À ce propos , le 31 janvier 2018 , eut lieu à Skhirat , une intéressante initiative . Celle du lancement officiel par Abdelkrim Benatiq , ministre chargé des MRE et des affaires de la migration , et par Mohamed Laâraj , ministre de la culture et de la communication , du riche programme des tournées théâtrales en faveur des MRE pour l’année 2018 . Cette initiative rentre dans un cadre particulier qu’il s’agit de préciser .
Elle ne rentre pas dans le cadre de « la stratégie nationale en faveur des Marocains du Monde , mise en place par le ministère délégué chargé des Marocains résidant à l’étranger et des Affaires de la migration » , comme l’a annoncé un communiqué de ce ministère ( signé également par Mohamed Drihem dans OujdaCity le 30 janvier 2018 , la veille de l’événement , et dans «L’Opinion» en page 4 du vendredi 2 février 2018) . Cette initiative relève plutôt de la stratégie CULTURELLE en faveur des MRE , élaborée par le même département .
La différence est de taille , car une stratégie nationale globale , cohérente et intégrée dédiée aux MRE , englobe les multiples facettes et dimensions de l’émigration vers l’extérieur et de la communauté marocaine à l’étranger : économique , sociale , cultuelle , éducative , identitaire , politique , juridique , administrative , légale et conventionnelle , communicationnelle , genre , démographique , sociologique , sociétale , environnementale, développementale , géostratégique , nationale , régionale , maghrébine , continentale africaine , internationale , sécuritaire , droits de l’Homme, etc..et pas uniquement le volet culturel . Tout comme la stratégie intègre également notamment tout ce qui a trait au paysage institutionnel relatif aux MRE , en adoptant une démarche transversale englobant également tous les départements ministériels concernés .

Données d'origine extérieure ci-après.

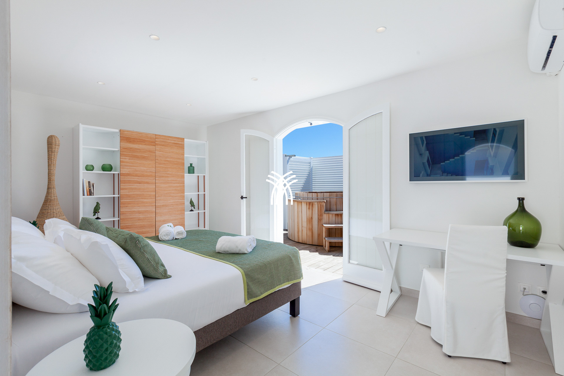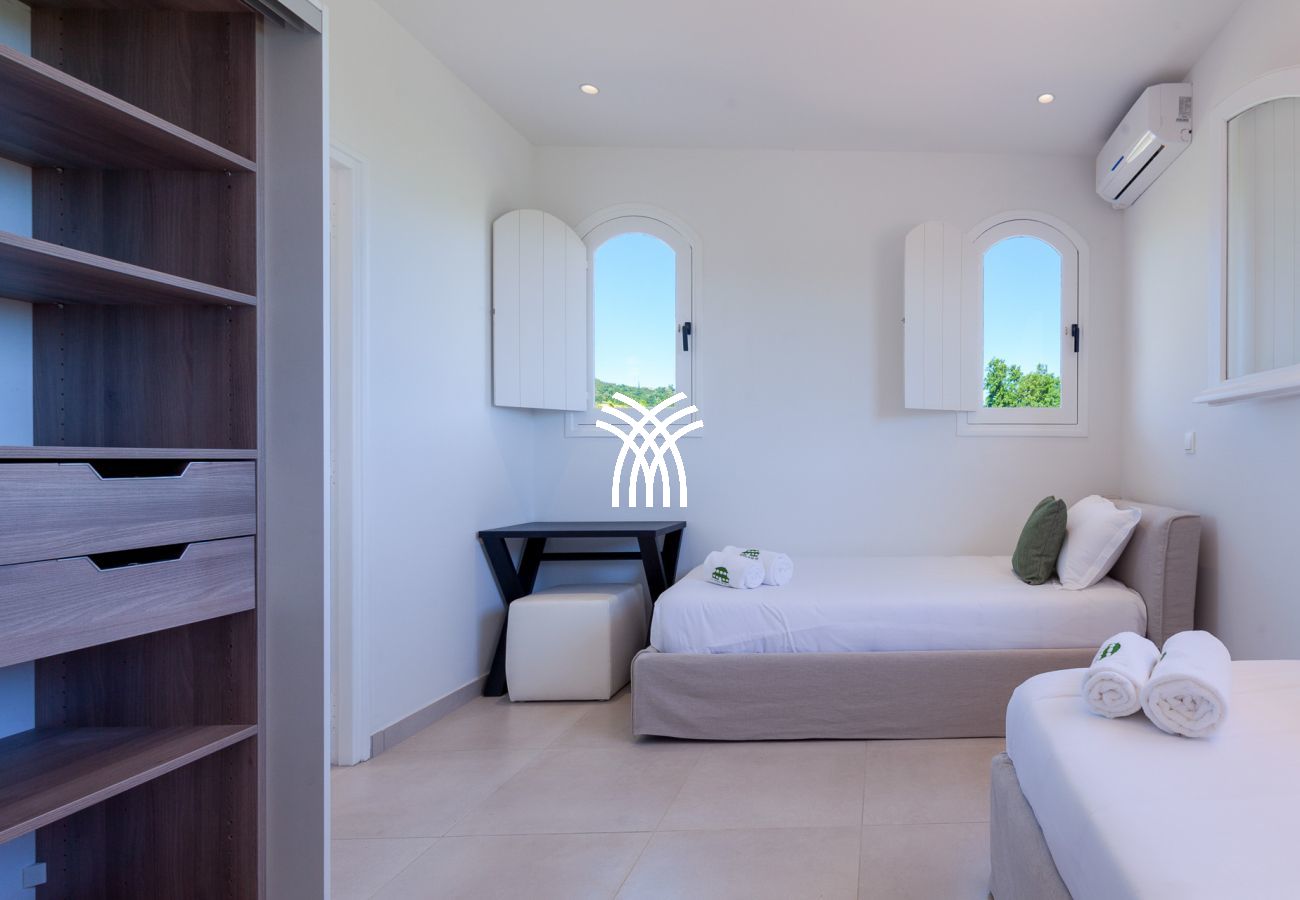 It is possible to transform the independent 18 sqm cottage housing the gym or massage room into a fifth bedroom to accommodate 10 guests. You just need to ask and we will do the changes.

Revenons sur ce point au discours du Trône du 30 juillet 2015 , dans lequel le Souverain procédait solennellement au rappel suivant au gouvernement : « Nous réitérons notre appel pour élaborer une stratégie intégrée , fondée sur la synergie entre les institutions nationales ayant compétence en matière de migration pour rendre ces institutions plus efficientes au service des Marocains du Monde » .
Le discours du Trône 2015 , dit par conséquent clairement qu’il n’y’avait pas , un an après 2014 , de stratégie nationale en matière de Marocains établis à l’extérieur des frontières nationales . Depuis , rien n’a été fait concrètement dans cette perspective , mais d’aucuns s’entêtent dans cette voie de la désinformation pour ne pas prendre leurs responsabilités . Ce n’est pas un malentendu , c’est une ligne maintenue et perpétuée à dessein .

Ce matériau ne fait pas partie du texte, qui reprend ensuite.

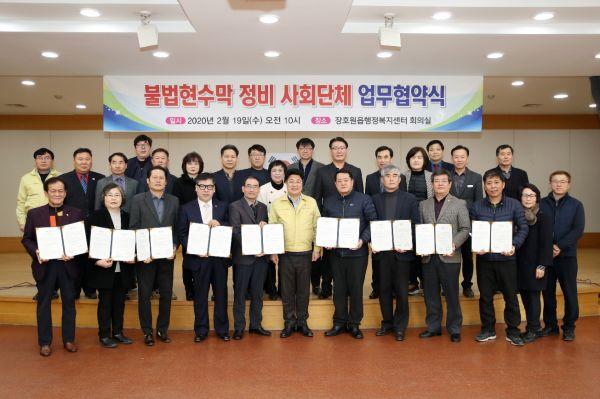 이천시는 2020년 불법현수막 정비계획에 따라 읍·면·동 사회단체와 업무협약을 지난 19일 수요일 장호원읍행정복지센터에서 체결했다.

Il conviendrait par conséquent d’opérer une rupture nécessaire et totale avec cette pratique improductive , que certains par contre affinent , croyant que la voie salutaire à suivre est celle-là . Mais il faut signifier clairement les méfaits de cette persistance chez d’aucuns dans le déni , dans la volonté délibérée de tromper et d’induire en erreur . Comme le dit un proverbe : « on peut tromper une fois mille personnes , on ne peut tromper mille fois une personne » !

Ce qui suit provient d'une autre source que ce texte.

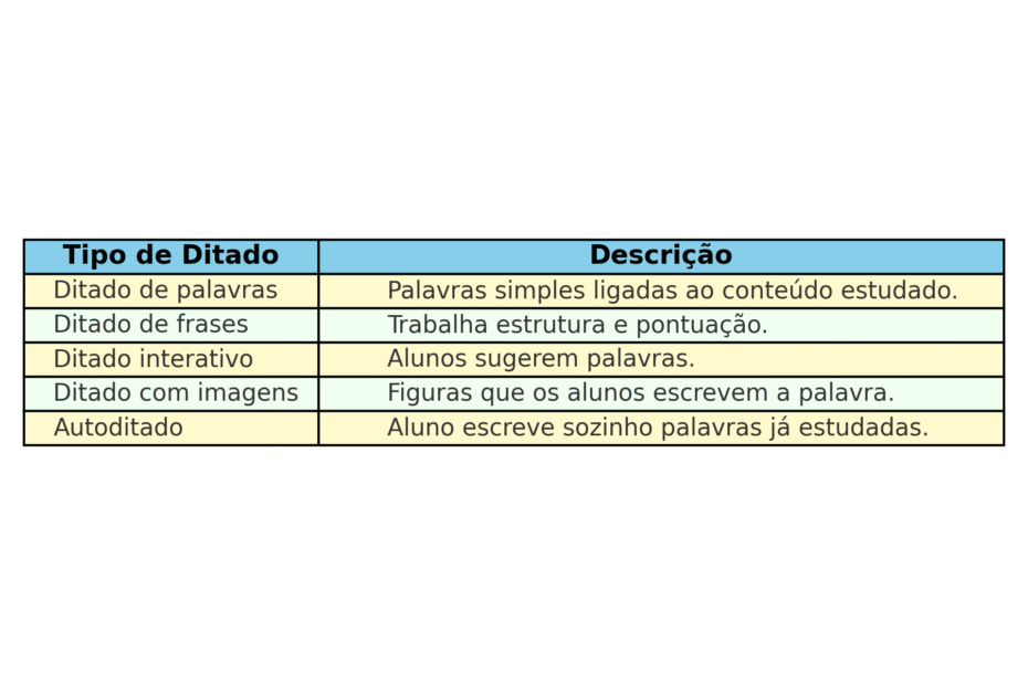 Para que a prática seja dinâmica, o professor pode variar o formato dos ditados:

On ne révise pas ce qui n’existe pas
3)- Cependant , pour l’avenir , le ministère se dit dans sa note de cadrage , signée par Mohamed Drihem , « soucieux de procéder à une révision et d’apporter un nouveau regard stratégique sur les problématiques » concernant les MRE . Tout comme il manifeste sa détermination « à lancer un processus pour la révision et l’élaboration d’une nouvelle stratégie » dans le cadre d’une démarche participative .
Cet engagement d’aller de l’avant est le bienvenu , mais on ne peut parler de révision ou de nouveau regard stratégique , alors que cette stratégie n’a jamais existé . De même , lorsqu’on parle d’une nouvelle stratégie , cela suppose qu’il y’a déjà une , alors que ceci est inexact . En fait , il s’agit d’élaborer une stratégie nationale en direction des MRE qui n’a jamais existé . L’impératif est de suivre une démarche appropriée comprenant plusieurs dimensions , qui n’ont nullement été prises en compte pour l’élaboration du texte qualifié de « Stratégie Nationale pour les MRE » , publié en arabe sur le site du ministère .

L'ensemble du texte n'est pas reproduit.